IN WITNESS WHEREOF, the undersigned trustee of the above-referenced organization has hereunto set her hand this 24th day of February 2021.
/s/ Carole E. Stone |
Carole E. Stone |
NUVEEN CALIFORNIA MUNICIPAL VALUE FUND
POWER OF ATTORNEY
KNOW ALL PERSONS BY THESE PRESENTS, that the undersigned, a trustee of the above-referenced organization, hereby constitutes and appoints MARK J. CZARNIECKI, DIANA R. GONZALEZ, KEVIN J. McCARTHY, CHRISTOPHER M. ROHRBACHER, MARK L. WINGET and ERIC F. FESS, and each of them (with full power to each of them to act alone) his true and lawful attorney-in-fact and agent, for him on his behalf and in his name, place and stead, in any and all capacities, to sign, execute and file one or more Registration Statements on Form N-14 under the Securities Act of 1933, as amended, and the Investment Company Act of 1940, as amended, including any amendment or amendments thereto, with all exhibits, and any and all other documents required to be filed with any regulatory authority, federal or state, relating to the reorganization, without limitation, granting unto said attorneys, and each of them, full power and authority to do and perform each and every act and thing requisite and necessary to be done in and about the premises in order to effectuate the same as fully to all intents and purposes as he might or could do if personally present, hereby ratifying and confirming all that said attorneys-in-fact and agents, or any of them, may lawfully do or cause to be done by virtue hereof.

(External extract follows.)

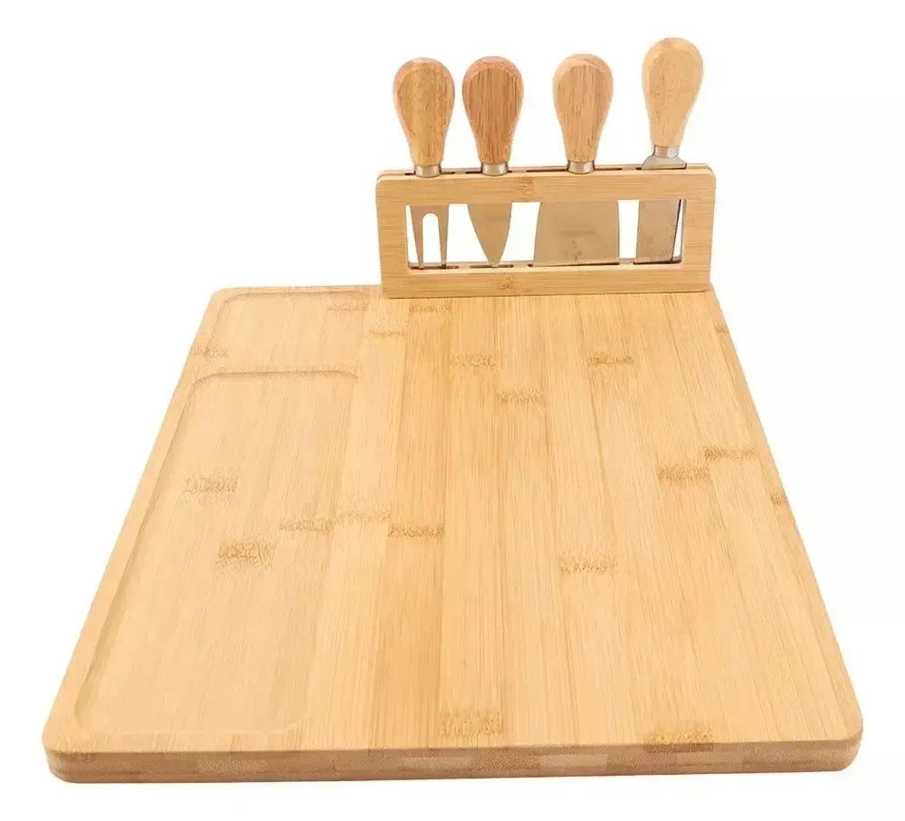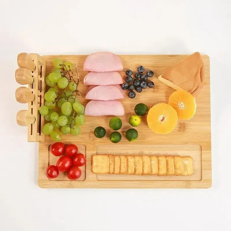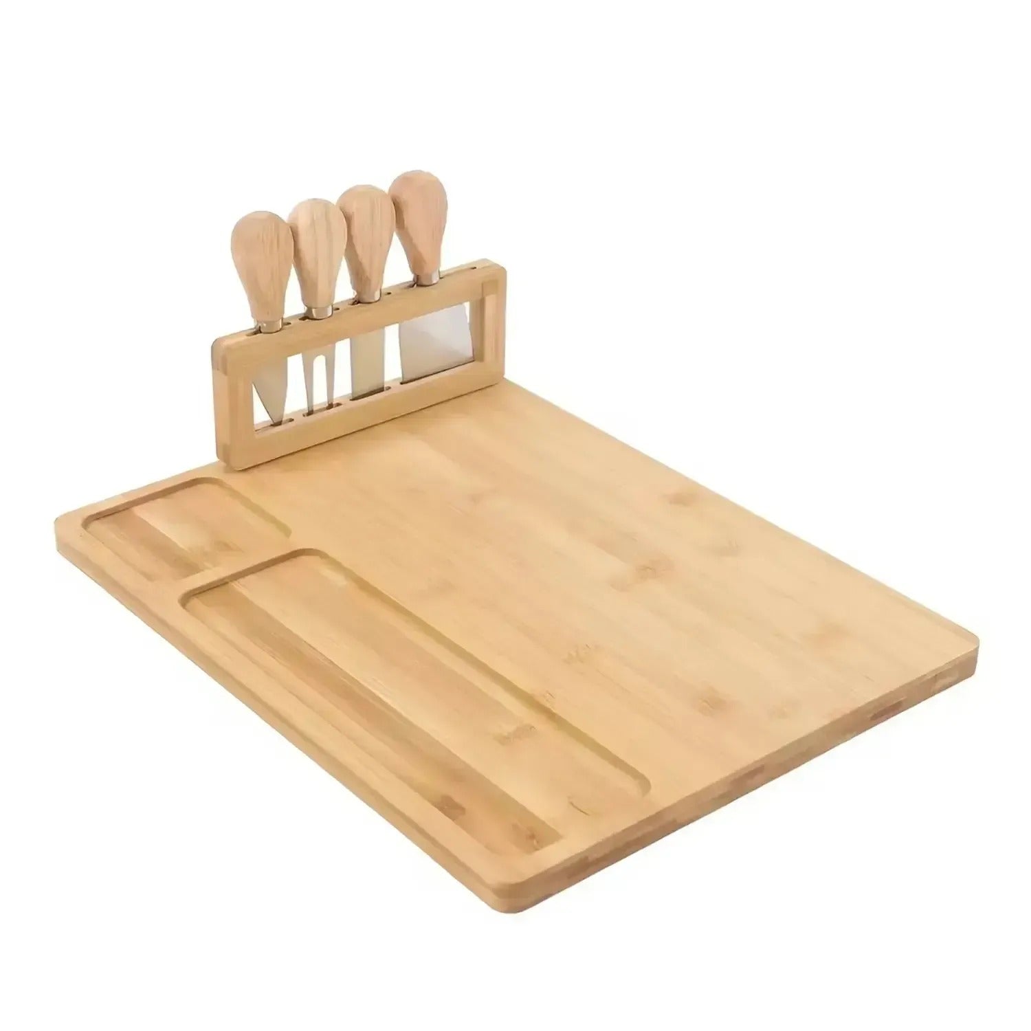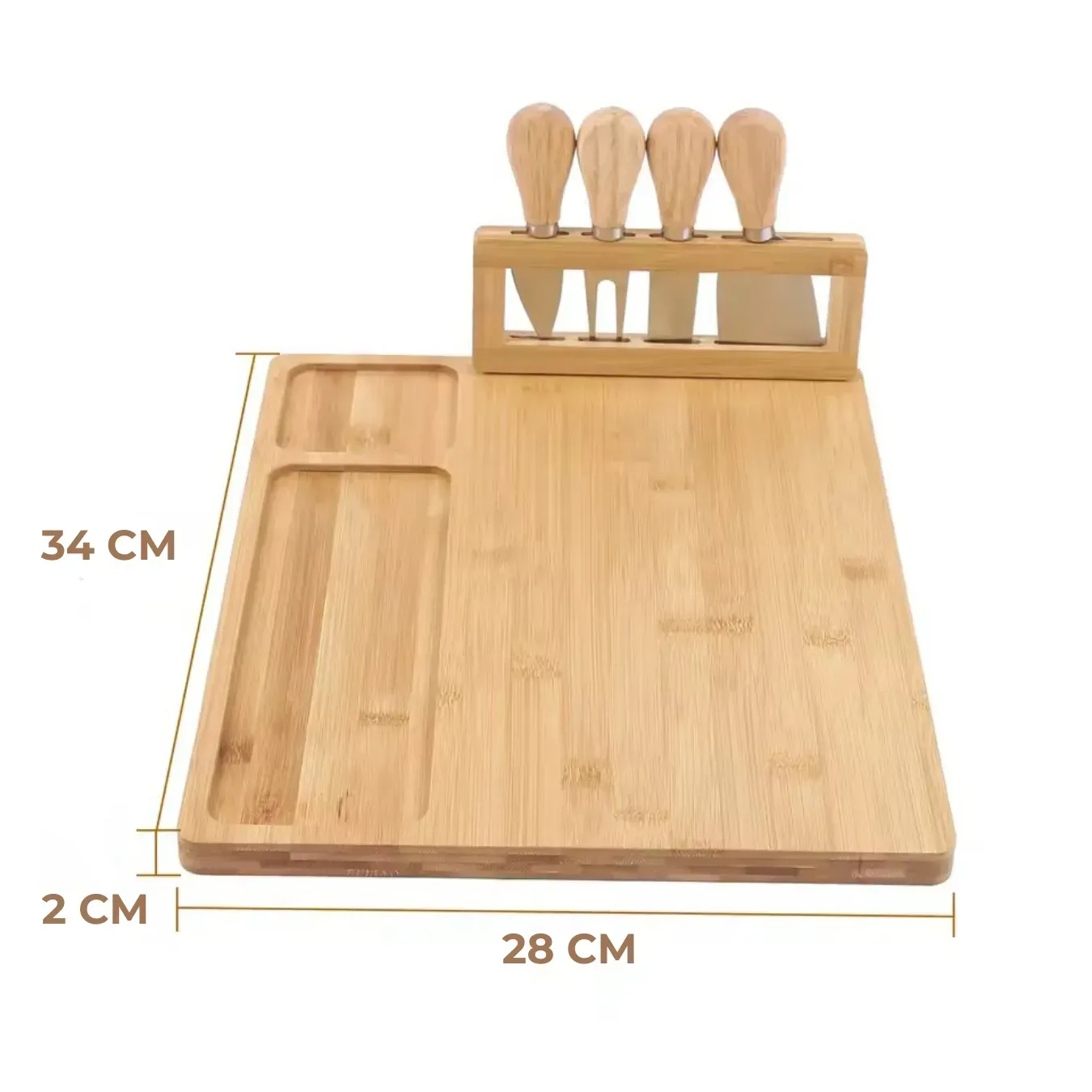 Bambusová deska na servírování sýrů a uzenin se sadou nožů – elegance na vašem stole

IN WITNESS WHEREOF, the undersigned trustee of the above-referenced organization has hereunto set his hand this 24th day of February 2021.
/s/ Terence J. Toth |
Terence J. Toth |
NUVEEN CALIFORNIA MUNICIPAL VALUE FUND
POWER OF ATTORNEY
KNOW ALL PERSONS BY THESE PRESENTS, that the undersigned, a trustee of the above-referenced organization, hereby constitutes and appoints MARK J. CZARNIECKI, DIANA R. GONZALEZ, KEVIN J. McCARTHY, CHRISTOPHER M. ROHRBACHER, MARK L. WINGET and ERIC F. FESS, and each of them (with full power to each of them to act alone) his true and lawful attorney-in-fact and agent, for him on his behalf and in his name, place and stead, in any and all capacities, to sign, execute and file one or more Registration Statements on Form N-14 under the Securities Act of 1933, as amended, and the Investment Company Act of 1940, as amended, including any amendment or amendments thereto, with all exhibits, and any and all other documents required to be filed with any regulatory authority, federal or state, relating to the reorganization, without limitation, granting unto said attorneys, and each of them, full power and authority to do and perform each and every act and thing requisite and necessary to be done in and about the premises in order to effectuate the same as fully to all intents and purposes as he might or could do if personally present, hereby ratifying and confirming all that said attorneys-in-fact and agents, or any of them, may lawfully do or cause to be done by virtue hereof.
IN WITNESS WHEREOF, the undersigned trustee of the above-referenced organization has hereunto set his hand this 24th day of February 2021.